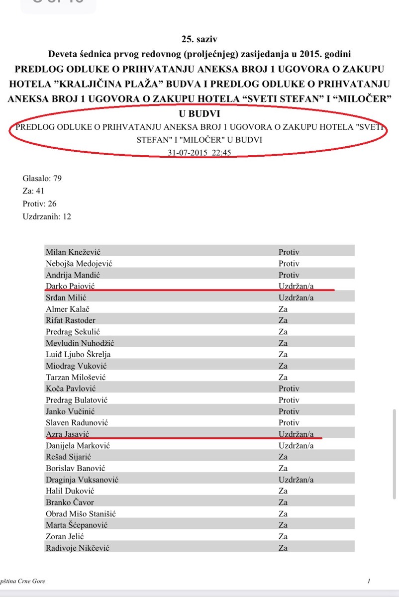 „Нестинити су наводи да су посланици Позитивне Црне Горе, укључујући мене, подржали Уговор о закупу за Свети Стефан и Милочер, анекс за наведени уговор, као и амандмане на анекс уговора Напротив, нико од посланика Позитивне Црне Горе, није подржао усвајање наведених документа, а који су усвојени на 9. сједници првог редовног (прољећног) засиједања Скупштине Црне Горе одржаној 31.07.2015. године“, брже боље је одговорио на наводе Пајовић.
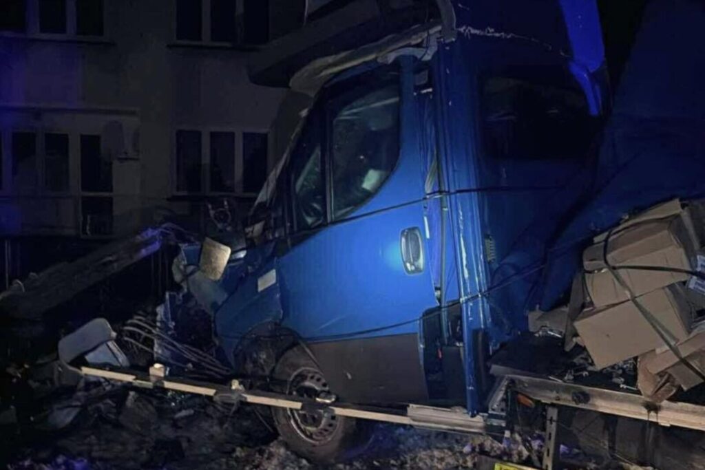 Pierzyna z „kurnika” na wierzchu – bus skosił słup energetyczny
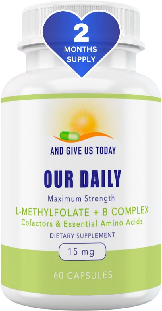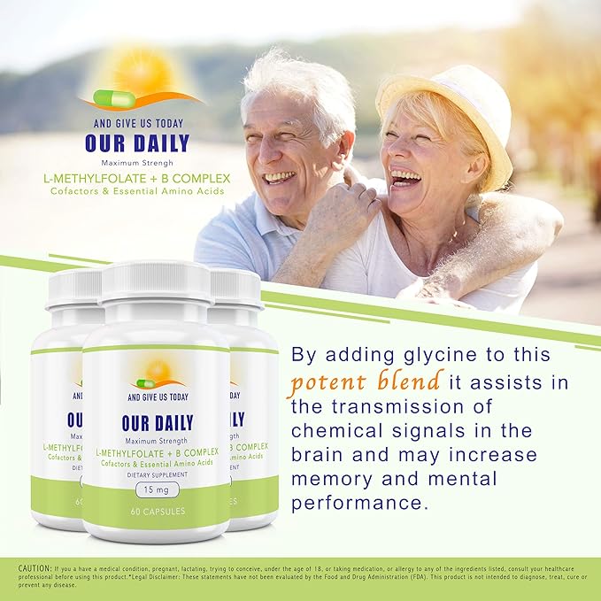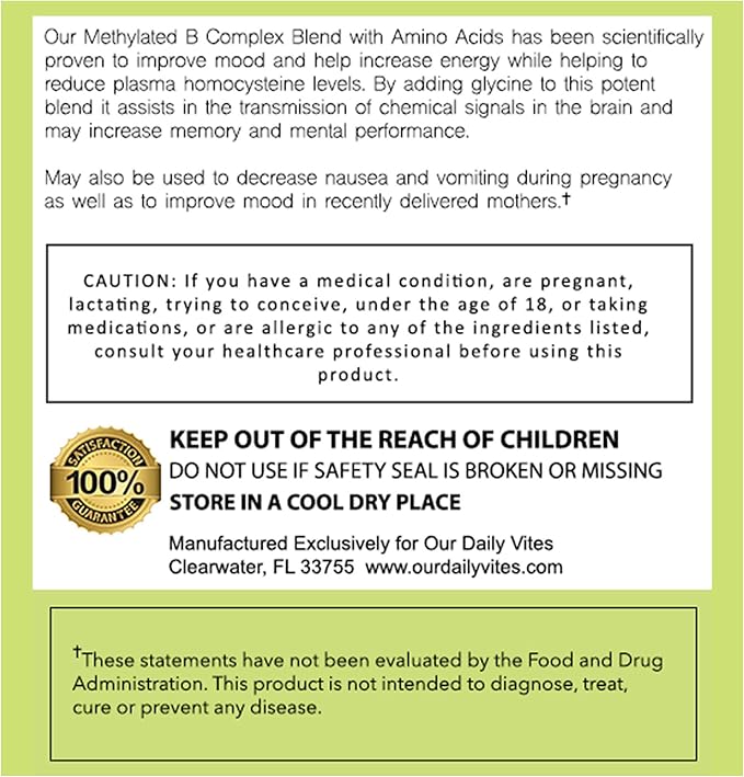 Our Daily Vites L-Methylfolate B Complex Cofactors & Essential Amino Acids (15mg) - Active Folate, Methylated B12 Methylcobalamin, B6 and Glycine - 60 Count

> [WORK REQUIRED]
Write out only the lines from the line containing "skosił słup energetyczny" through the end of the material above, both end lines included. Pictures are not written out.

> [RESULT OF THE TASK]
 Pierzyna z „kurnika” na wierzchu – bus skosił słup energetyczny
 Our Daily Vites L-Methylfolate B Complex Cofactors & Essential Amino Acids (15mg) - Active Folate, Methylated B12 Methylcobalamin, B6 and Glycine - 60 Count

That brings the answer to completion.